I'm working on a program that requires loading of a large number of csv files (thousands of them) into an array.
The csv files are of dimension 45x100, and I want to create a 3-d array with dimension nx45x100. For now, I am using pd.read_csv() to load each csv file and then convert each into an array using np.array(). I then create a 3d array using np.array(data_0, data_1,...,data_n), to which I get a 3-d array with the required dimensions.
Although it works, it is very tedious. Is there any way that this can be done without individually reading and processing each csv file?
#this is my current code
import numpy as np
import pandas as pd
from pandas import Series, DataFrame
mBGS5L = pd.read_csv("strain5.csv") #45x100
mBGS8L = pd.read_csv("strain8.csv")
mBGS10L = pd.read_csv("strain10.csv")
mBGS5L_ = np.array(mBGS5L)
mBGS8L_ = np.array(mBGS8L)
mBGS10L_ = np.array(mBGS10L)
mBGS = np.array([mBGS5L_,mBGS8L_,mBGS10L_])
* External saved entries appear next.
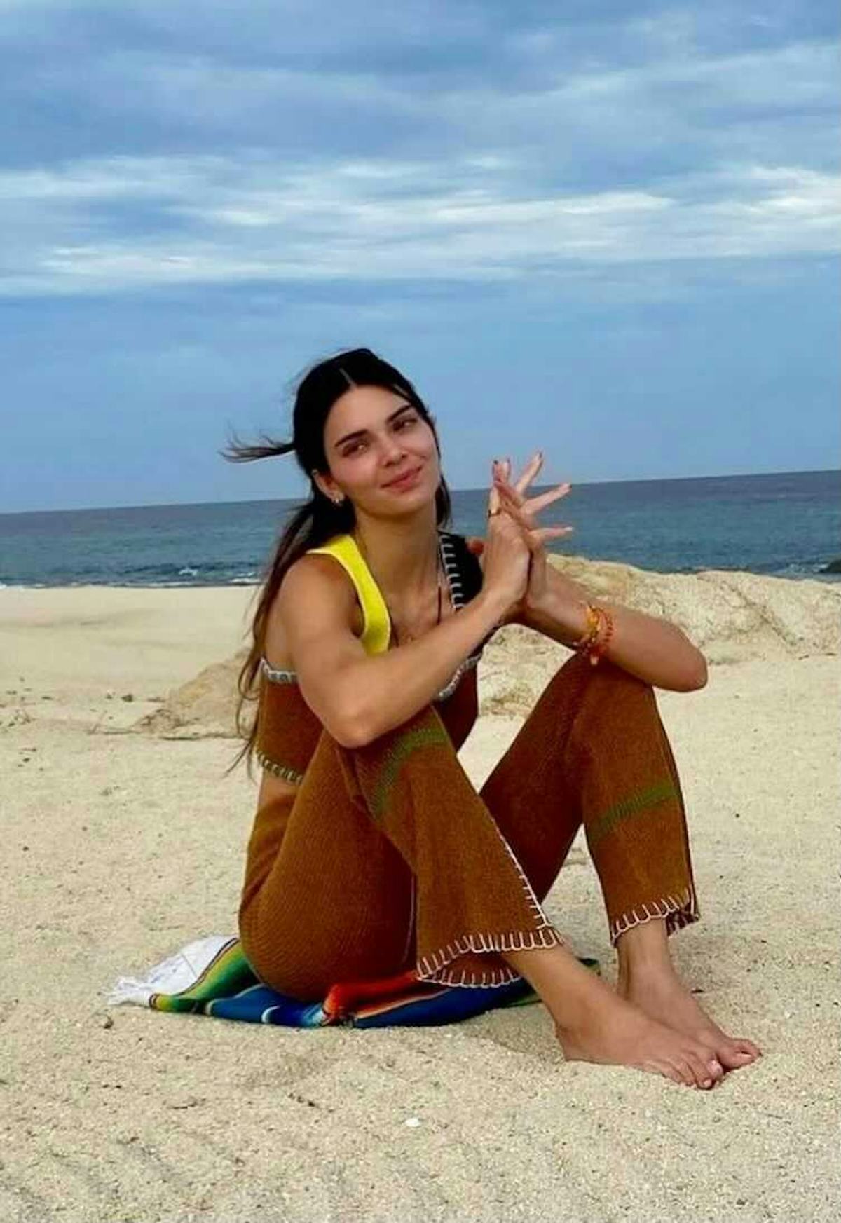 For her next fit, Jenner dipped her toe into the world of summer knits, wearing an ochre two-piece set from Hong Kong-based label YanYan Knits while on the beach.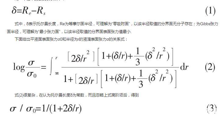 1949年,Tolman在研究表面張力與液滴大小關(guān)系時(shí)引入了后來(lái)被稱(chēng)為托爾曼長(zhǎng)度的物理量,使問(wèn)題進(jìn)入定量研究階段。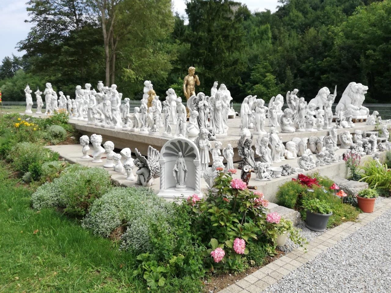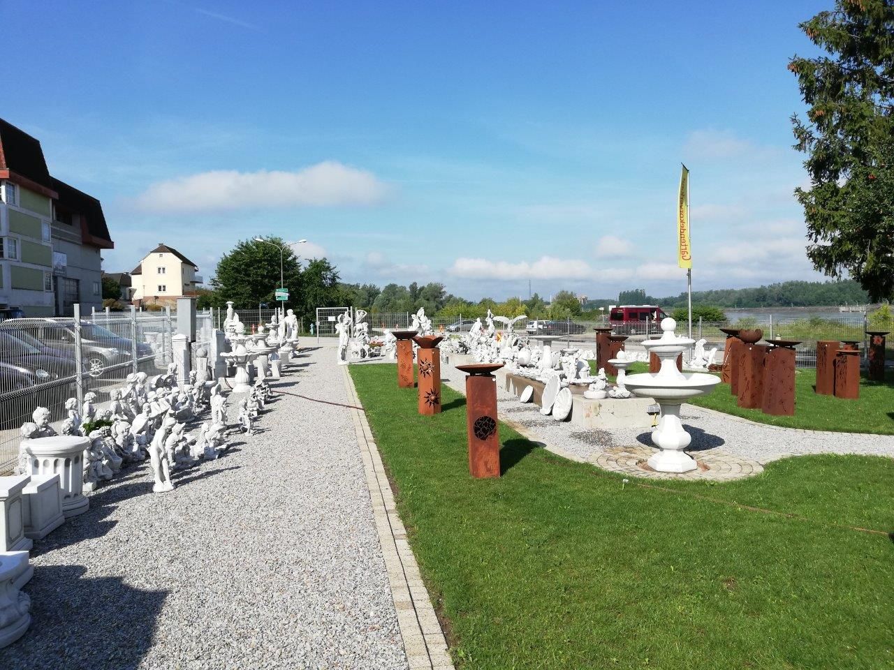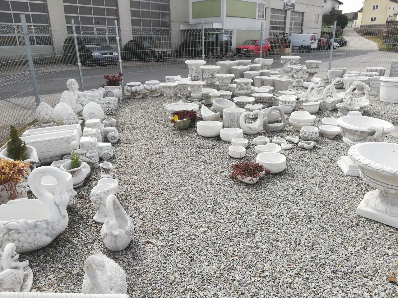 Fagyálló betonfigurák: szökőkutak, szobrok, talapzatok, asztali szettek, virágcserepek, növényvályúk, vázák, gyermek- és állatfigurák, madárfürdők, sárkányok, vízköpők, Buddha-szobrok, pagodák, angyalok, sírdíszek.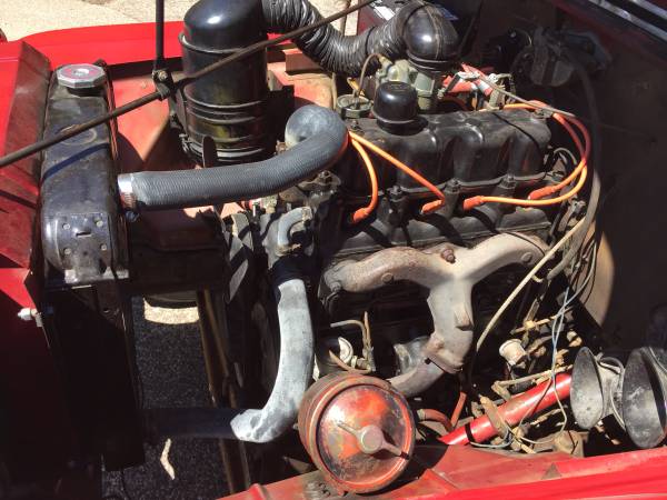 I can’t tell if the paint is original, but it does appear that the original color was red (Firewall is red) . The cowl is black, and looks great, but does not seem to be original. Top and side curtains are usable, but need to be replaces. The body is very solid. I can’t find evidence of repair, bond-o, rust issues, etc.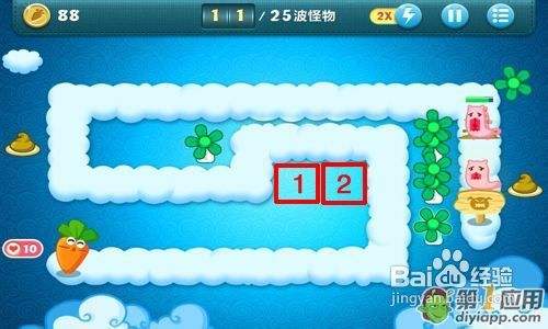 覆灭了第10波怪,第4个电扇炮塔也升为顶级,接下来玩家需要在1号红色方框内制作1个电扇炮塔、2号方框内制作1个便便炮塔,然后继续覆灭怪物累积款项守卫萝卜,接着把电扇和便便升为顶级(如下图所示)。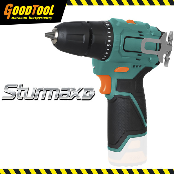 Увага! Комплектація шурупокрута Sturmax CDM3212CLB не включає акумулятор, зарядний пристрій, кейс.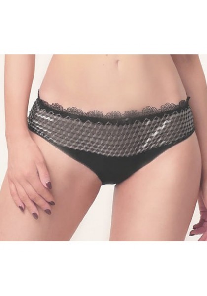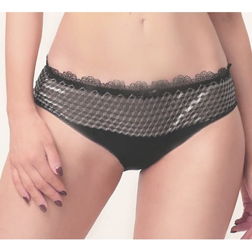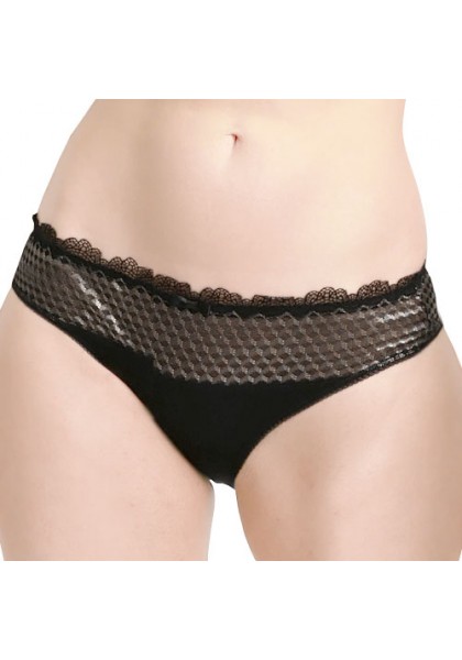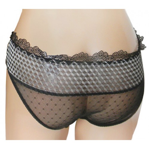 Модель с низкой посадкой. Верх трусов декорирован фестонным кружевом. Ластовица их хлопчатобумажного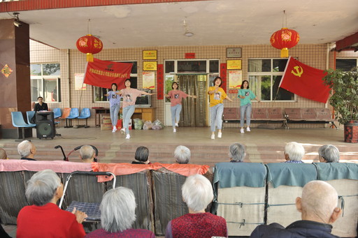 臺上充滿青春活力的歌舞,與臺下老人們的笑聲、掌聲,顯得那么和諧。

#to which mBGS.shape returns a 3x45x100 array'''
Note: I have checked other stackoverflow links on loading multiple csv files into 1 dataframe, to which I learned about glob to get the list of all csv files I need. My problem though is that using glob and concatenating the csv files returns a list and not a 3d array---which I can't convert to numpy array as it returns an error
from glob import glob
strain = glob("strain*.csv")
df= [pd.read_csv(f) for f in strain]
df_ = np.asarray(df)
#this returns an error: cannot copy sequence with size 45 to array axis with dimension 30
Any help would be greatly appreciated. Thanks